Marcy: I know they’re using it internally to build some of our own product announcement, or product improvements that will be announced here in the next couple of weeks. So, lots of cool stuff going on with Gatsby themes, and people selling their own themes and starters. I think that’s really interesting too.

Drew: There’s a bit of a marketplace springing up around Gatsby.

Marcy: There is, Yeah.

Drew: Is there any sort of online training and those sorts of things if somebody wants… If somebody decided that they were really going to get into Gatsby and they needed to learn it quick? Are there run places they can go with that sort of information is available?

Marcy: A ton of it? Yes. There’s definitely the Gatsby Doc’s site, which is gatsbyjs.org/doc’s. And we have tutorials, and I’ve been doing live streams almost every week for Gatsby stuff. There are a ton of educators who have Gatsby material on YouTube and various learning platforms. Egghead, I think some of my teammates from Gatsby have egghead videos as well.

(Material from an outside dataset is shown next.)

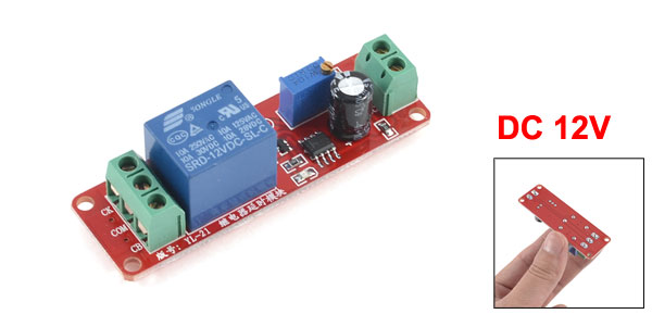 Product Name Delay Relay Actuation Module Type NC(Normal Closed) Coil 12V Load 10A AC 125V/250V, DC 30V/28V Size 65 x 20 x 18mm/ 2.6" x 0.8" x 0.7" (L*W*T) Color Blue, Red Weight 21g Package Content 1 x Delay Relay Module - Reviews

Marcy: So, there is a ton of stuff out there. I would say check the dates on it if you find something. We’re always actively updating the Gatsby Doc’s, some of the older third party videos and things that may, check the dates on those because we can’t monitor every single learning resource for update. It’s hard to keep up with our own staff.

Marcy: Because there’s just so much with how many content sourcing options and use cases. It’s a very broad space. But there’s so much learning material out there, and a ton of ways to get started that you can sort of try and find things like depending on where you are on your learning spectrum. Are you at the beginning stages, are you coming from other technologies and you just need to learn about like what is this React thing.

Marcy: You can sort of pick and choose which materials will work for you based on where you’re at. I’ve been doing a course recently through live streams called Gatsby Web Creators, where we went all the way from beginner HTML, CSS and JavaScript through to creating our first Gatsby site. We just completed that on Friday. And so, it’s been really neat to go all the way back to the beginning.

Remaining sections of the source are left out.